The Question Ambulance Cost Data Collection Does Not Ask
After multiple COVID-related delays, the deadline for the first round of reporting to CMS’s Ground Ambulance Data Collection System (GADCS) is fast approaching.
GADCS is intended to determine whether current Medicare payments are sufficient to cover the cost of providing ambulance transports. As you begin to look into the GADCS reporting instrument, you will see many questions about your service, your staff, your income, and your costs. In fact, the questions related to expenses take up the bulk of the data collection instrument—asking what your expenses are for almost everything you can think of.
But there is one thing they don’t ask: What should your costs be? For example, what should you be paying your crews?
A Look at the Numbers
It's a basic function of math and economics. What we spend is limited by what we have. And in EMS, what we have is not much.
Many payers reimburse below the cost of providing ambulance services. So when the GADCS asks what your payroll is, the answer it receives in response is what you can afford your payroll to be, not what it should be. And therein lies the fundamental flaw with the GADCS.
It’s no secret that we are in a time of unprecedented stress on the EMS system, and much of that stress centers around staffing. To keep the EMS system sustainable, we must attract EMTs and paramedics to the industry, and a living wage is the primary incentive that is necessary to do that.
We must also pay EMS practitioners a wage that justifies staying with a profession that is dangerous, often thankless, and mentally and physically exhausting, and one that creates a struggle to maintain any sense of work-life balance. However, if we are only reimbursed based on what our current expenses are, then a sustainable system may not be the result of cost data collection.
Critical Access Hospitals
If a sustainable EMS system is desired, then incentives to create such a system are something that federal health care programs are certainly aware of. Let’s look at an example of the one exception to Medicare paying for transportation based on the Ambulance Fee Schedule. Qualifying critical access hospital (CAH)-based ambulance services are paid at “101 percent of the reasonable costs incurred in furnishing ambulance services” (see Medicare Claims Processing manual Chapter 15, §10.4).

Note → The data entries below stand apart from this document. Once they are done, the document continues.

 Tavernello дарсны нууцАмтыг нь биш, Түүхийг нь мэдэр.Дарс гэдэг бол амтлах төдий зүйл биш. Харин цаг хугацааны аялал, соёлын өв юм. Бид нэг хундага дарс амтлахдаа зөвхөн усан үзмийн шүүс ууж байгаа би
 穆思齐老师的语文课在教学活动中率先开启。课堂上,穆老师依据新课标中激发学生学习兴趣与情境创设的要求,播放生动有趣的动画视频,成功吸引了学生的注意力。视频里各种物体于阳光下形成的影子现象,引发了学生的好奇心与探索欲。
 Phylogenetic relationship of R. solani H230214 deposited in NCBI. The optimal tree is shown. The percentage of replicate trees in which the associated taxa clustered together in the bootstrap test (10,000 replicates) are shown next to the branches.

But what kind of incentive is a 1% profit margin? This means that in order to incentivize hospitals in rural areas to provide ambulance services, the Medicare Ambulance Fee Schedule payment is not enough, so they are allowing the CAH to incur whatever “reasonable” costs are necessary to offer the service. So even at a 1% profit margin, these unique CAH ambulance services can bring in more money than they would have under the Fee Schedule.
More importantly, this turns that mathematical principle on its head—no longer is spending based on what we have; what we have is based on how much we have spent! This allows the CAH to set a wage that is sufficient to encourage EMTs and paramedics to work for them, and in fact creates higher wages for EMS practitioners working in those systems than what we see in other EMS systems that are paid under the Ambulance Fee Schedule.
No Surprises Act
There is another issue looming over ground ambulance—the potential for inclusion into the federal No Surprises Act (NSA). The NSA, which currently only applies to air ambulance, generally prohibits balance billing of patients in emergency situations. But the law does require insurance companies to pay an appropriate rate for the service, thereby shifting less responsibility onto the patient and allowing for the provider and the payer to argue over the value of the service through an arbitration process.

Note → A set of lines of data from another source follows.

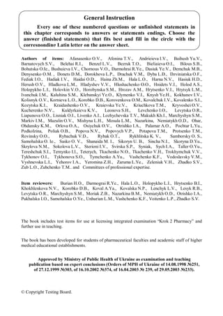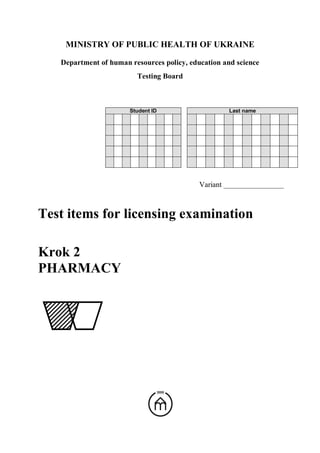 This document contains test items for the licensing examination "Krok 2 Pharmacy" for Russian-speaking students in Ukraine. It lists over 200 authors and item reviewers who developed the test questions covering various topics in pharmacy. The test is intended for pharmacy students and faculty and has been approved by the Ministry of Public Health of Ukraine for use in examinations and teaching since 1998.
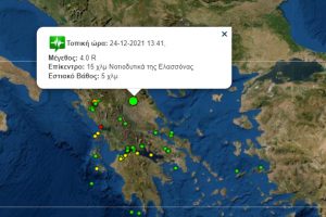 Σεισμική δόνηση μεσαίου μεγέθους, 4 Ρίχτερ σημειώθηκε νωρίς το μεσημέρι της παραμονής των Χριστουγέννων με επίκεντρο την περιοχή της Ελασσόνας.
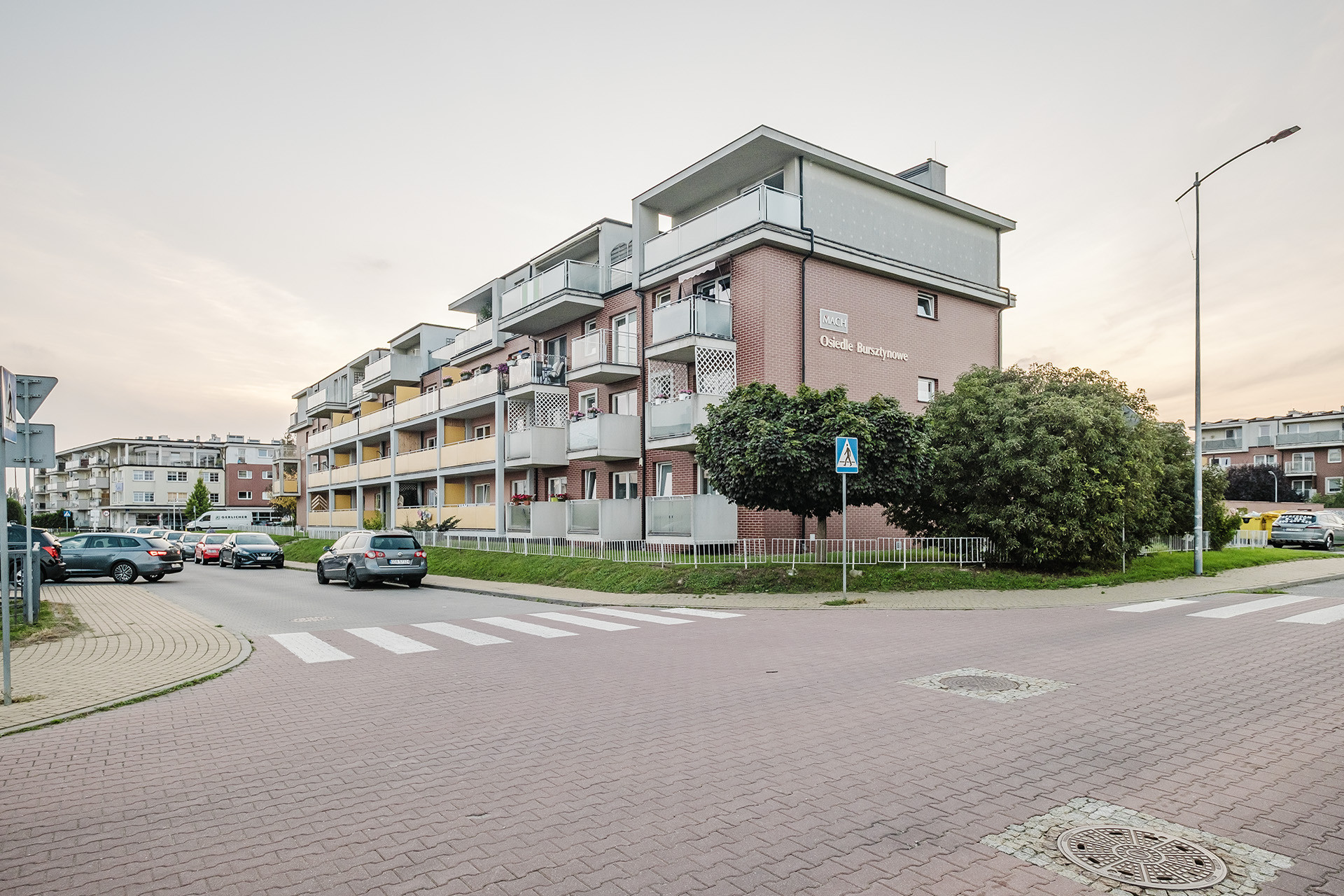Nieruchomość mieści się w kameralnym, trzypiętrowym budynku z 2008 roku, zlokalizowanym na zadbanym Osiedlu Bursztynowym. Wejście do klatki schodowej zabezpieczone jest domofonem, a sama klatka jest szeroka, czysta i utrzymana w bardzo dobrym stanie. W otoczeniu niska zabudowa wielorodzinna.
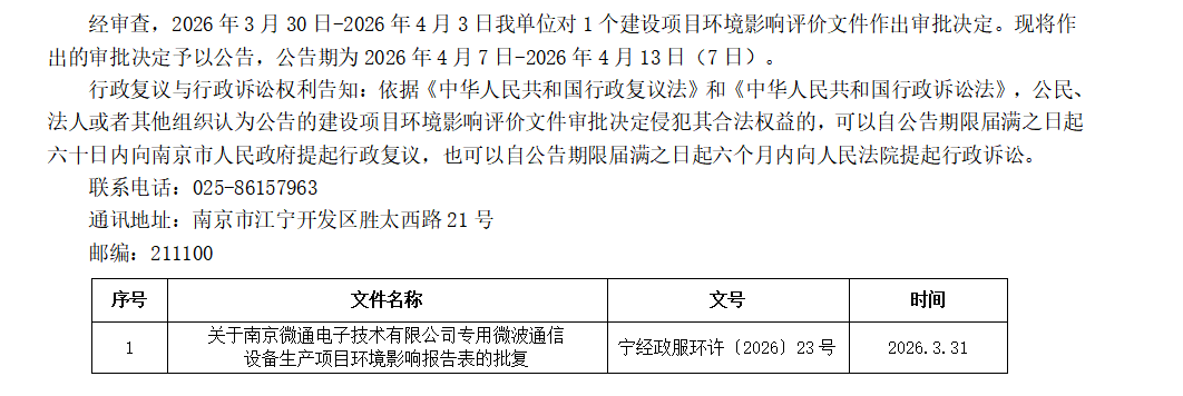 | 信息名称: | 江宁开发区政务服务中心关于2026年3月30日-2026年4月3日作出的建设项目 环境影响评价文件审批决定的公告 | ||

Therefore, if and when ground ambulance is included in the NSA, the question at the heart of that process will be whether your charges are justified or whether the amount offered by the insurance company is sufficient. You can show that your charges are reasonable, but again those charges will be based on what it is currently costing your service to run an ambulance call. In order to get commercial insurance to pay you the true reasonable charge to cover your costs and a respectable margin for the future, you will need to pay your clinical staff an appropriate salary before you send the bill for the services they provide.
The Way Forward
It’s a self-fulfilling prophecy. If what we are spending is based on what we get paid, and what we are paid is based on what we are spending, we will never progress into a long-term sustainable system. We will continue to be fraught with the current challenges of getting and keeping good people long term, and providing them with the best equipment our patients deserve. If we want to create an EMS system that is ready and able to provide needed prehospital care at the level that the public truly expects, then we need to look at the issue like the CAH model does.
Reimbursement should be based on what our costs to provide that care should be—not limited to what history has dictated in the past and what we have been forced to get by with.
Christopher Kelly is a lawyer with Page, Wolfberg & Wirth LLC who focuses on regulatory health care law as it relates to the EMS and ambulance industry. This article is not intended as legal advice. Kelly can be reached at 717-691-0100 or ckelly@pwwemslaw.com.
Comments
Very well written article and puts a complex problem in a clear understandable package. Well done.
—Richard Blanchet
Christopher
Thanks so much for the well written article. I learned some from this as I wasn't aware of the payments for CAH ambulance services. as you state in the article it's going to be tough to become whole and/or begin to pay on a comparable market scale if there are differing measurements across the industry not only with CAH but also with Fire based, private and community-based services.